Exactly as written, write out the lines below from the first to the one containing "老年公寓创办人张院长向大家做", inclusive. Pictures do not belong in the copy.

┌──

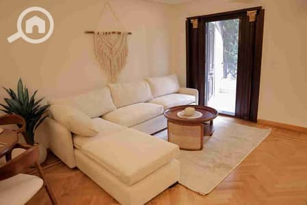 شقة أول استخدام للإيجار في الرحاب – المرحلة الخامسة، أرضي مع جاردن، مجهزة بالكامل بأجهزة ألمانية ومكيفات سخن/بارد.
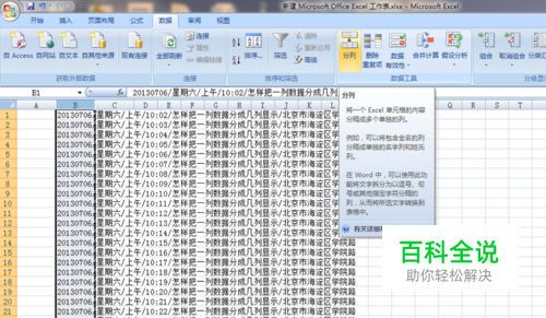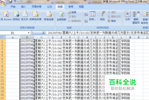 可以对最后一列的“北京市海淀区学院路”继续细分为3列,分列过程与前面类似,先选中这一列,在“数据”菜单窗口中点击“分列”按钮。
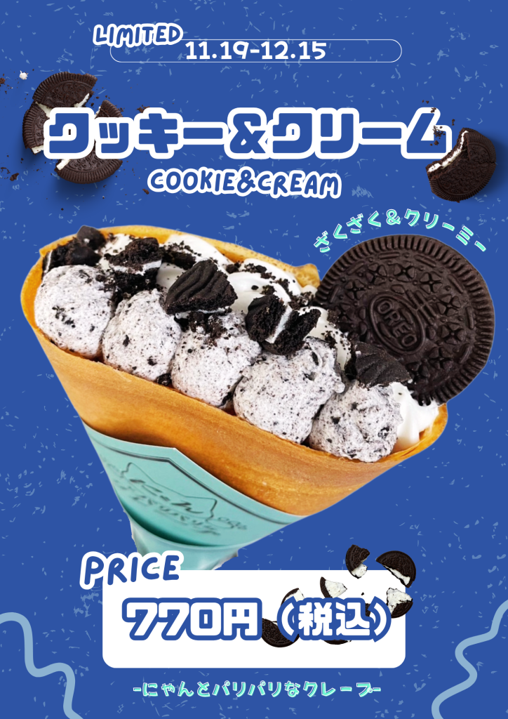 甘いクレープはみんな大好き『クッキー&クリーム』です💙
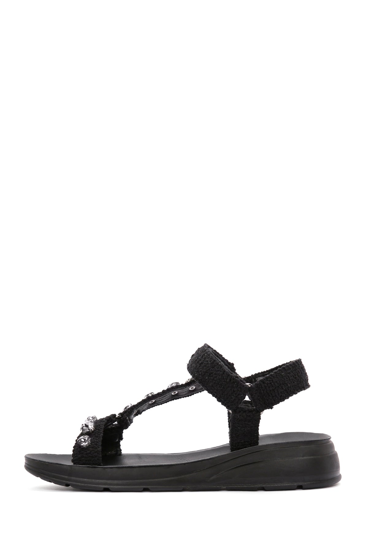 Kadın Siyah Kalın Tabanlı Taşlı Sandalet
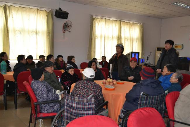 老年公寓创办人张院长向大家做了简单介绍。海淀龙泉老年公寓创办于1998年,一路走来非常不易,但为了老人们能有一个颐养天年的环境,再艰难他们也咬牙坚持了下来。目前院内有100多位老人,大部分都是生活不能自理的老人。在和老人交流的过程中,我们看到这里的工作人员对待老人细心体贴,房间卫生收拾的干净整洁,小院落给人很舒服的感觉。看的出,老人们在这里生活的舒心快乐。
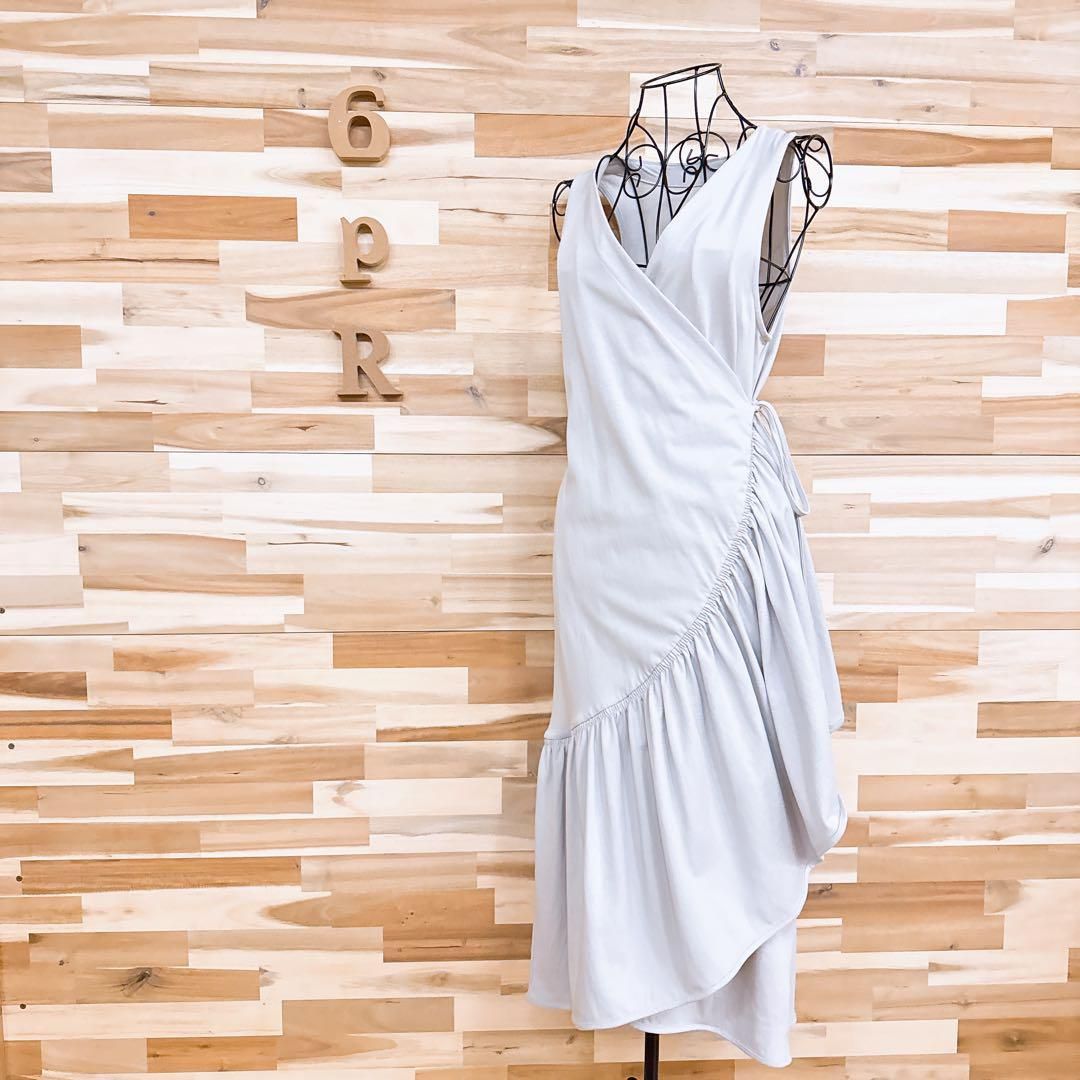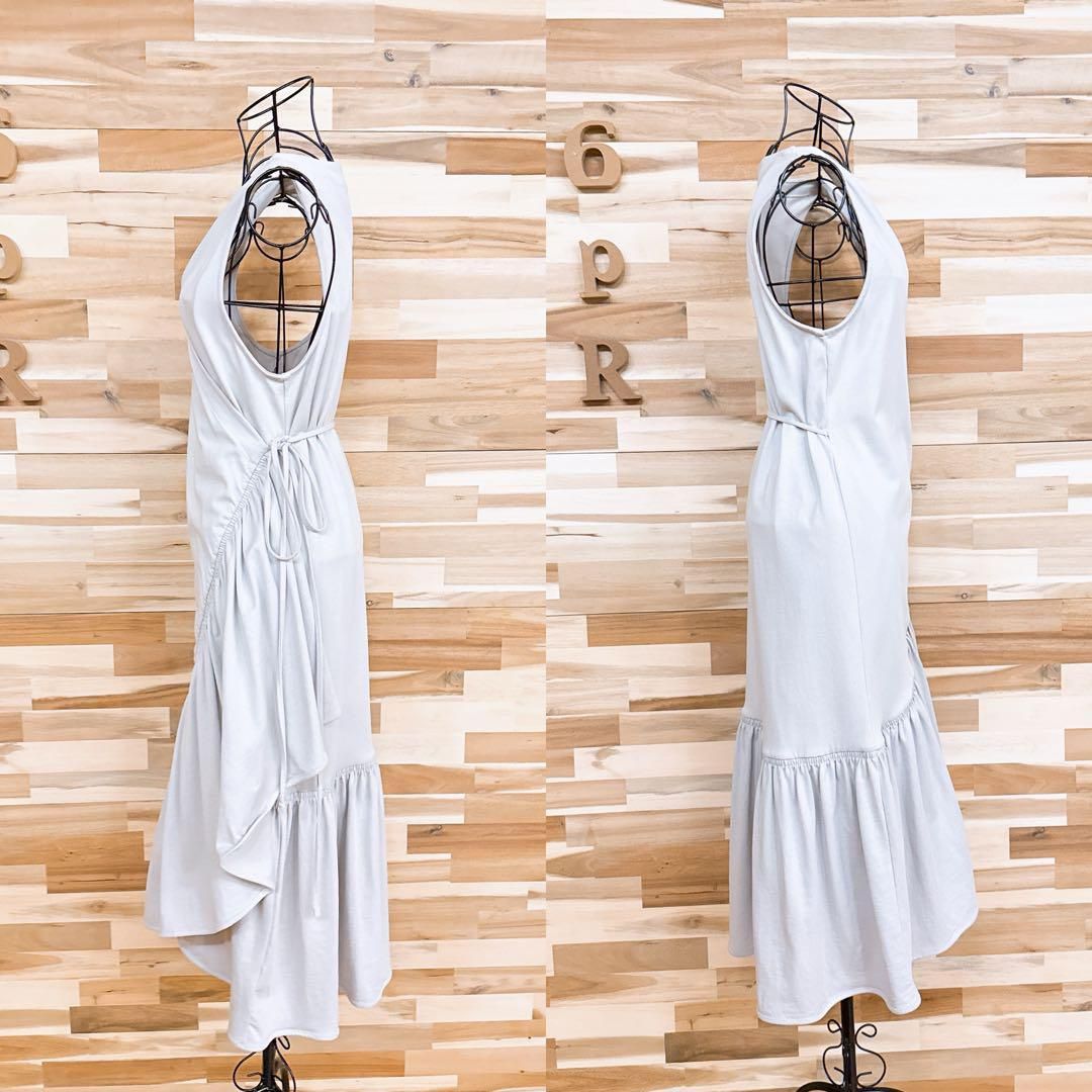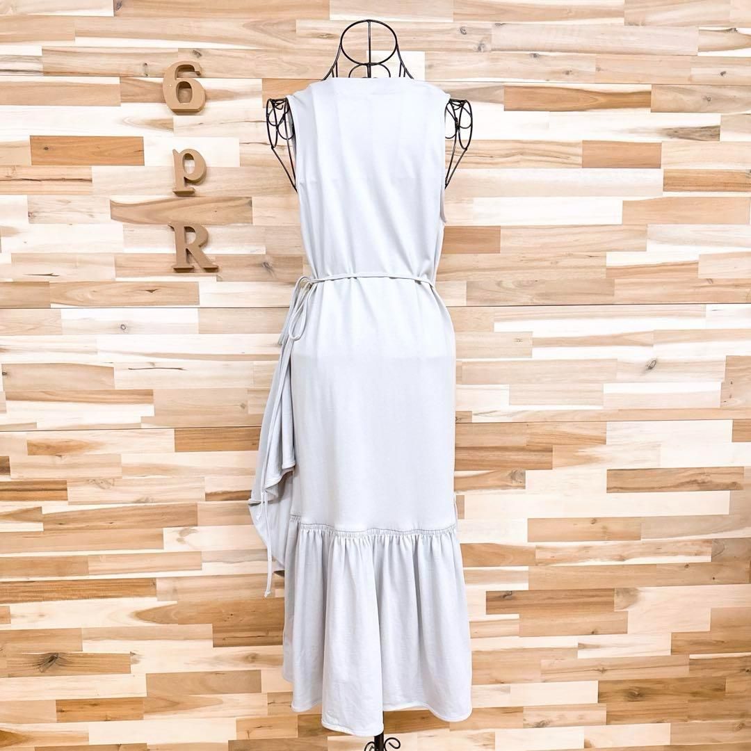 さらっとした質感の柔らか素材が肌に心地よく馴染むコットン100%×涼しげなペールグレーが洗練された大人オシャレな雰囲気に。斜めに走るラップのドレープとギャザーが、立体感をプラスしながらフェミニンなアクセント。ディテールにこだわった周囲の目を惹くデザインで、特別な日やリゾートシーンにオススメなZARAのワンピースです。既に生産も終了しており、オークションやフリマでも見ることの少ない珍しいお品です。※LGスタイラーにて除菌リフレッシュ・スチームクリーニング済みです。

└──

ANSWER BOX:
 شقة أول استخدام للإيجار في الرحاب – المرحلة الخامسة، أرضي مع جاردن، مجهزة بالكامل بأجهزة ألمانية ومكيفات سخن/بارد.
 可以对最后一列的“北京市海淀区学院路”继续细分为3列,分列过程与前面类似,先选中这一列,在“数据”菜单窗口中点击“分列”按钮。
 甘いクレープはみんな大好き『クッキー&クリーム』です💙
 Kadın Siyah Kalın Tabanlı Taşlı Sandalet
 老年公寓创办人张院长向大家做了简单介绍。海淀龙泉老年公寓创办于1998年,一路走来非常不易,但为了老人们能有一个颐养天年的环境,再艰难他们也咬牙坚持了下来。目前院内有100多位老人,大部分都是生活不能自理的老人。在和老人交流的过程中,我们看到这里的工作人员对待老人细心体贴,房间卫生收拾的干净整洁,小院落给人很舒服的感觉。看的出,老人们在这里生活的舒心快乐。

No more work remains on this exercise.